◆ **THE TASK**
When you copy from the entries that follow, take only the lines from the one with "De acordo com" down to the one with "Large folio city", keeping both ends and dropping every picture.

◆ **SOURCE MATERIAL**
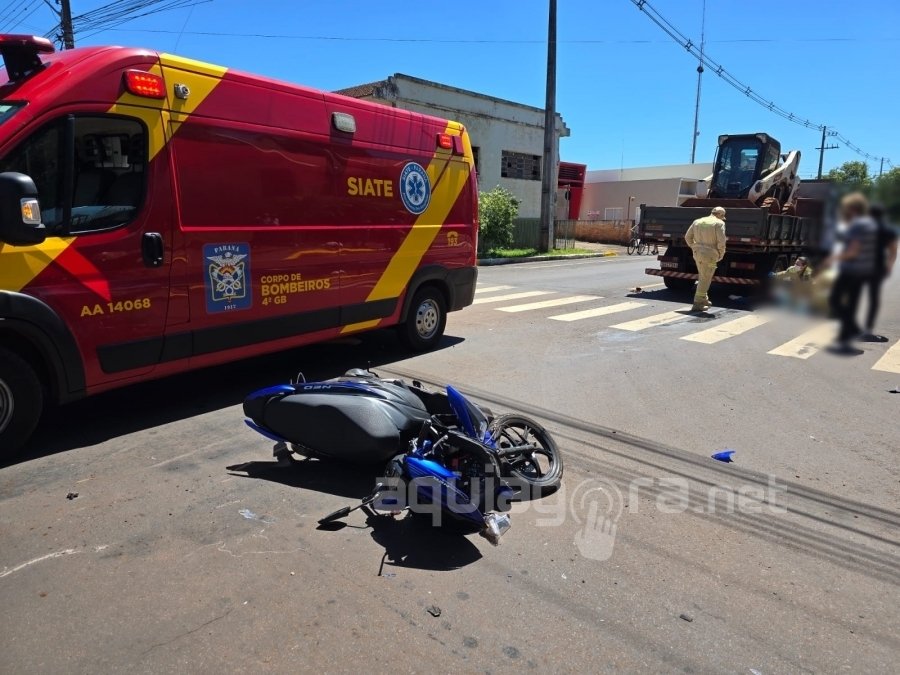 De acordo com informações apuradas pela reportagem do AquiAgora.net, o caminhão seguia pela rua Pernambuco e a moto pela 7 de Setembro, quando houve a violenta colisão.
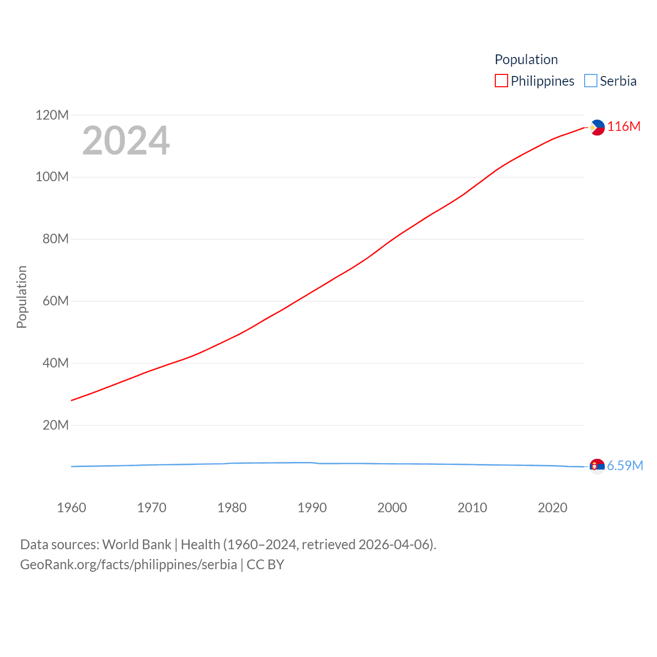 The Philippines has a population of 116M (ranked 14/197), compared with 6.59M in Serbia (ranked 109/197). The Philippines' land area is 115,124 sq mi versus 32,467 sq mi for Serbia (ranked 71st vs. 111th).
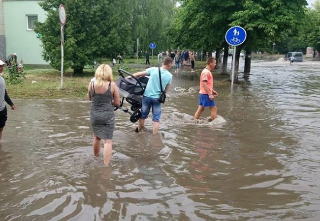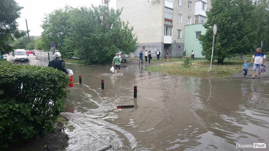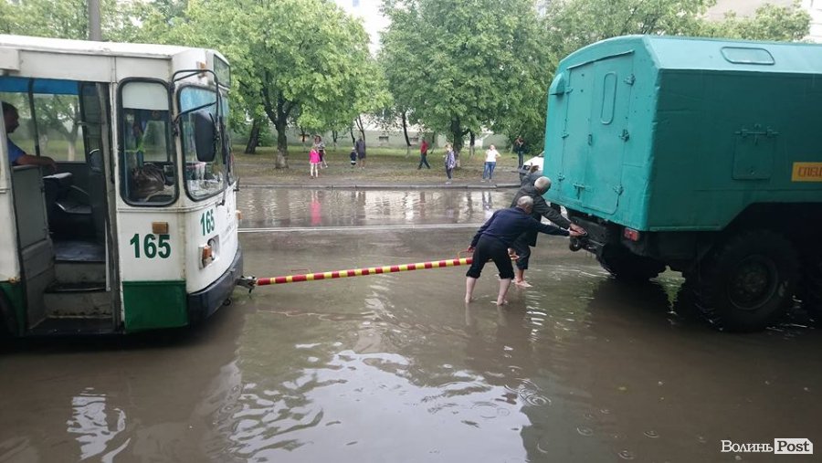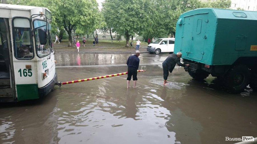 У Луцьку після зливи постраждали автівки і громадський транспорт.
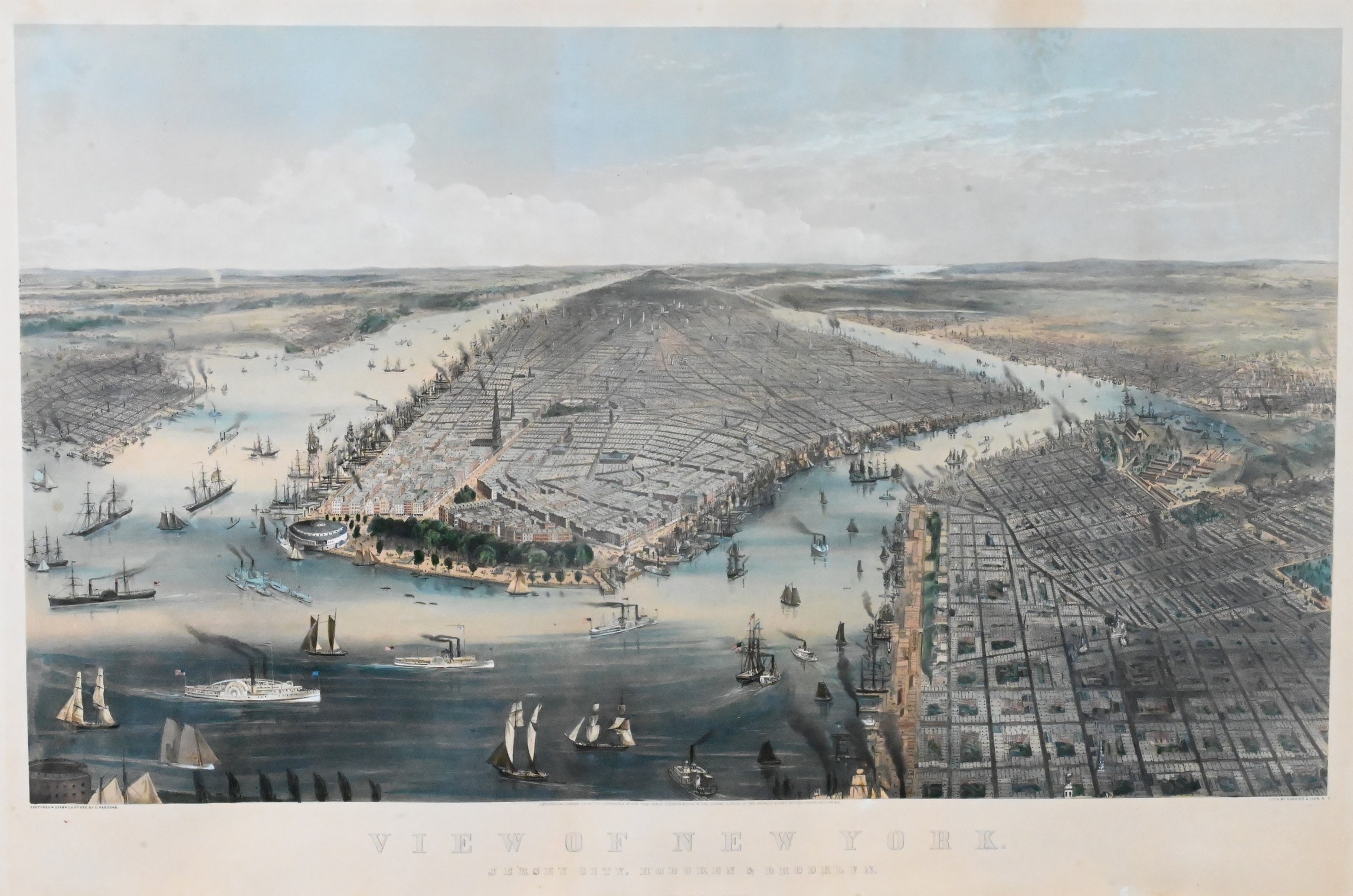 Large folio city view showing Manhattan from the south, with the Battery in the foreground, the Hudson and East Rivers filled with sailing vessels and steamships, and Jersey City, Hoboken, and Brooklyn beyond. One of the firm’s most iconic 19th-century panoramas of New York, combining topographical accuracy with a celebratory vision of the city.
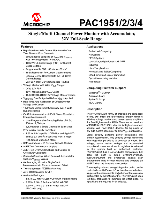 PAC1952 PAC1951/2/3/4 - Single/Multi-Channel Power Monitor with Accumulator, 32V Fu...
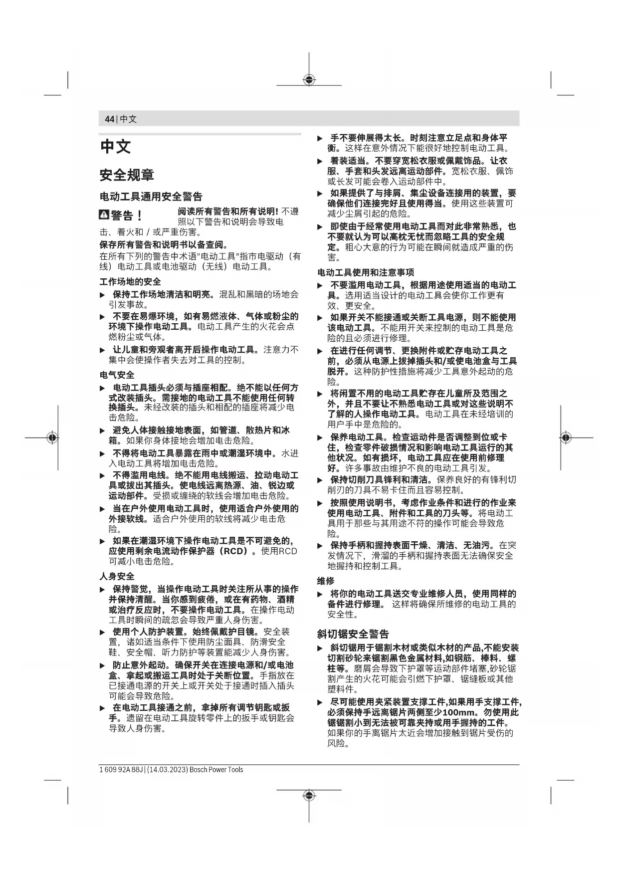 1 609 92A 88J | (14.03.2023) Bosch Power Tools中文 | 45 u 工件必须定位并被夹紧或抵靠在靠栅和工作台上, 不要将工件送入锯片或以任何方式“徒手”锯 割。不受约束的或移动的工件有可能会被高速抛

---

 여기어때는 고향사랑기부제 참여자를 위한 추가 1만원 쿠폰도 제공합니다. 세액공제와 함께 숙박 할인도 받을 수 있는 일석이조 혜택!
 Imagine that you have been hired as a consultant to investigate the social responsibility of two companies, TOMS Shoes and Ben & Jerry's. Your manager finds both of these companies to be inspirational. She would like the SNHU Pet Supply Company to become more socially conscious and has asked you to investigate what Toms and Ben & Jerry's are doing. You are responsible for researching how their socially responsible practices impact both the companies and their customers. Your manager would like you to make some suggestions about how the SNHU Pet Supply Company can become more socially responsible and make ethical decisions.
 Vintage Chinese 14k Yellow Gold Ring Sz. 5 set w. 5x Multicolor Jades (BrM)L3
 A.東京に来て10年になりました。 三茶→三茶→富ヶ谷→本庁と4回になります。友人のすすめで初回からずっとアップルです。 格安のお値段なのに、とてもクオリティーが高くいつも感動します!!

---

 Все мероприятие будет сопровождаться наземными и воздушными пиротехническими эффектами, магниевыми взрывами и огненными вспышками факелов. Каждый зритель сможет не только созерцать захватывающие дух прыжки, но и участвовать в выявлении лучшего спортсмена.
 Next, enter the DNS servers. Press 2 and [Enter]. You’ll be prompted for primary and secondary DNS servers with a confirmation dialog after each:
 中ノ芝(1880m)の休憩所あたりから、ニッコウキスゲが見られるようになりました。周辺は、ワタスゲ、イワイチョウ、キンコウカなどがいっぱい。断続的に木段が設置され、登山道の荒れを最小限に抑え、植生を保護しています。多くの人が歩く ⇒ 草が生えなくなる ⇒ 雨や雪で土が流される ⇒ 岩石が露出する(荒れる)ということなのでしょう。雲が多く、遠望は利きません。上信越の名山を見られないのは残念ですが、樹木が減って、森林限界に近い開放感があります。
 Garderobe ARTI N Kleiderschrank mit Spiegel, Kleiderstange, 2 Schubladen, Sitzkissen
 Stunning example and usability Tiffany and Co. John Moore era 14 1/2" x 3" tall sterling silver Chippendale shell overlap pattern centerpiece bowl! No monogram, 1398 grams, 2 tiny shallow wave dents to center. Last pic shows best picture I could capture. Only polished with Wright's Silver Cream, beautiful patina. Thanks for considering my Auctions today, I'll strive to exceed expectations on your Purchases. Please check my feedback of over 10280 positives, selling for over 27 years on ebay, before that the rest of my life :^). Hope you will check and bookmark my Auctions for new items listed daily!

◆ **SOLVED PROBLEM**
 De acordo com informações apuradas pela reportagem do AquiAgora.net, o caminhão seguia pela rua Pernambuco e a moto pela 7 de Setembro, quando houve a violenta colisão.
 The Philippines has a population of 116M (ranked 14/197), compared with 6.59M in Serbia (ranked 109/197). The Philippines' land area is 115,124 sq mi versus 32,467 sq mi for Serbia (ranked 71st vs. 111th).
 У Луцьку після зливи постраждали автівки і громадський транспорт.
 Large folio city view showing Manhattan from the south, with the Battery in the foreground, the Hudson and East Rivers filled with sailing vessels and steamships, and Jersey City, Hoboken, and Brooklyn beyond. One of the firm’s most iconic 19th-century panoramas of New York, combining topographical accuracy with a celebratory vision of the city.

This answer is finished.